This is the code that adds the new domain:
If IsNewDomain Then
Dim iNewDomainID As Integer = 0
Dim objNewDomain As New Venexus.BusinessObjects.VenexusDomain
objNewDomain.AddNew()
objNewDomain.DomainName = GetDomainName(sURL)
objNewDomain.LastRequest = Now()
If IsGlobalCrawler() = False Then
Dim objSeamus As New VenexusSeamusCollection
objSeamus.Query.Where(objSeamus.Query.Url.Equal(sURL))
If objSeamus.Query.Load Then
objNewDomain.IsApproved = True
Else
objNewDomain.IsApproved = False
End If
Else
objNewDomain.IsApproved = True
End If
objNewDomain.Save()
iNewDomainID = CType(objNewDomain.DomainID, Integer)
iDomainID = iNewDomainID
End If
Dim objNewRobots As New Venexus.BusinessObjects.VenexusRobots
objNewRobots.AddNew()
objNewRobots.DomainID = iDomainID
objNewRobots.LastUpdate = Now()
objNewRobots.RobotsText = sRobots
objNewRobots.Save()
If it is NOT a GloablCrawler, it checks to see if a feed exist.
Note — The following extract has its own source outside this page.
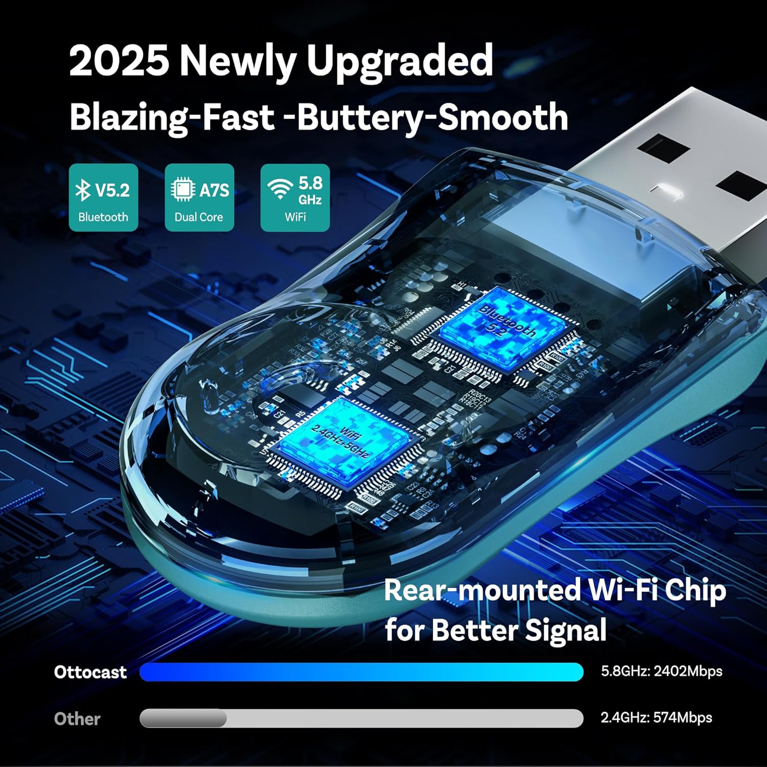 OTTOCAST Wireless Carplay Adapter 2025 for Apple iPhone, Convert Wired to Wireless Car Play for Older Cars Mini USB Design Plug & Play, Multi-User Seamless Connection for iOS 10+/ Android Auto (Green)
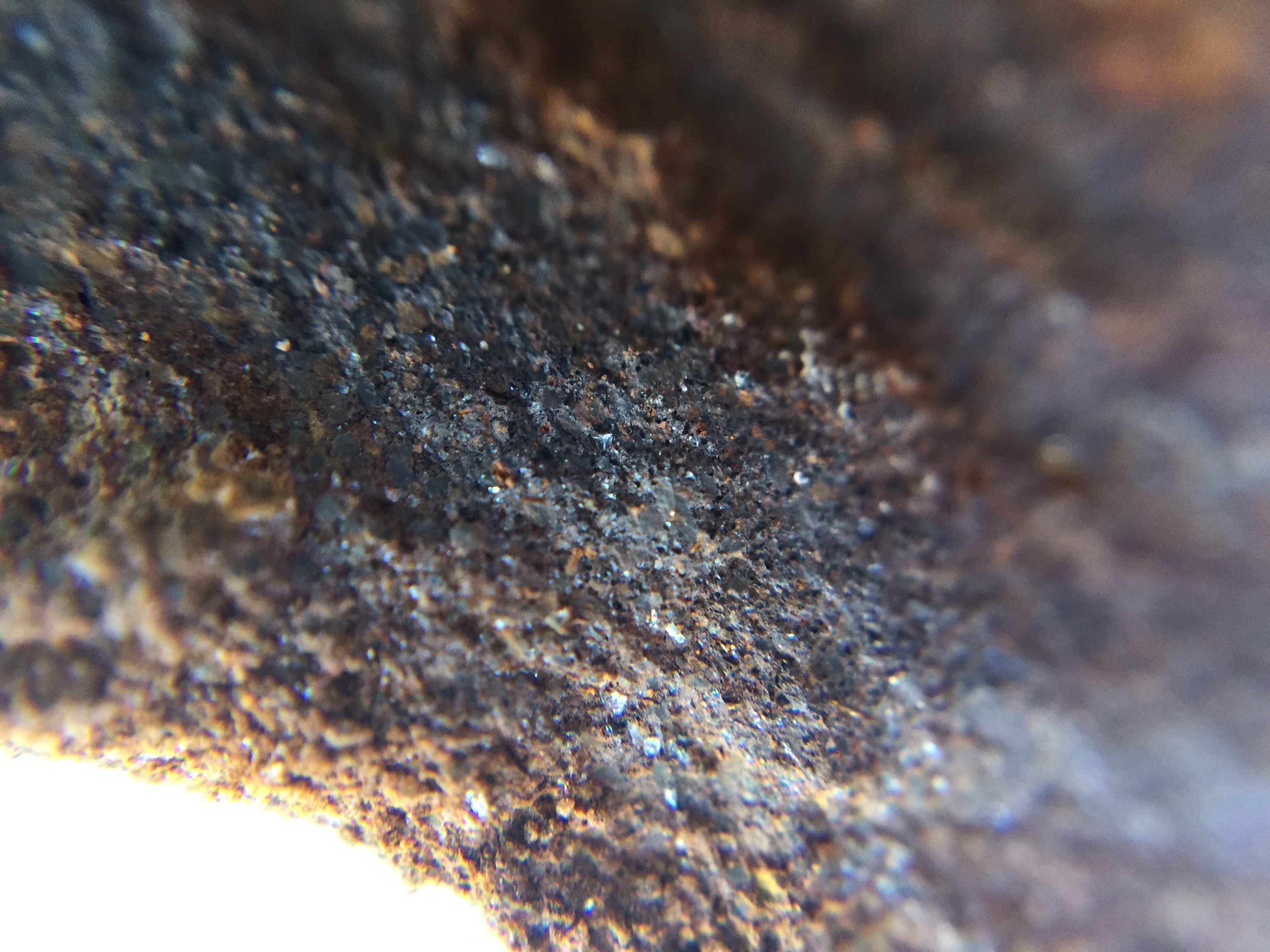 The next major issue I discerned from my samples and trip was the red mud, which is the result of oxidation of iron (Fe) with lots of oxygen. The samples were both dark grey inside, which indicates no iron oxidation The red color seen in concentric zones in my samples, and the entire mountain, was from exposure of these sandy shales to the atmosphere as they erode and fracture. This photo with the 15x lens shows the amount of void space (i.e. porosity) in these rocks.

If it does exist, it marks it approved. If it does not, it marks in not approved.
If it is GlobalCrawler, then it is automatically approved, always. However, the robots.txt file is also checked. If the robots.txt disallows it to be crawled, it will automatically change it to NOT approved. Maybe your cases have a robots.txt file for the domain that disallows it to be crawled?
|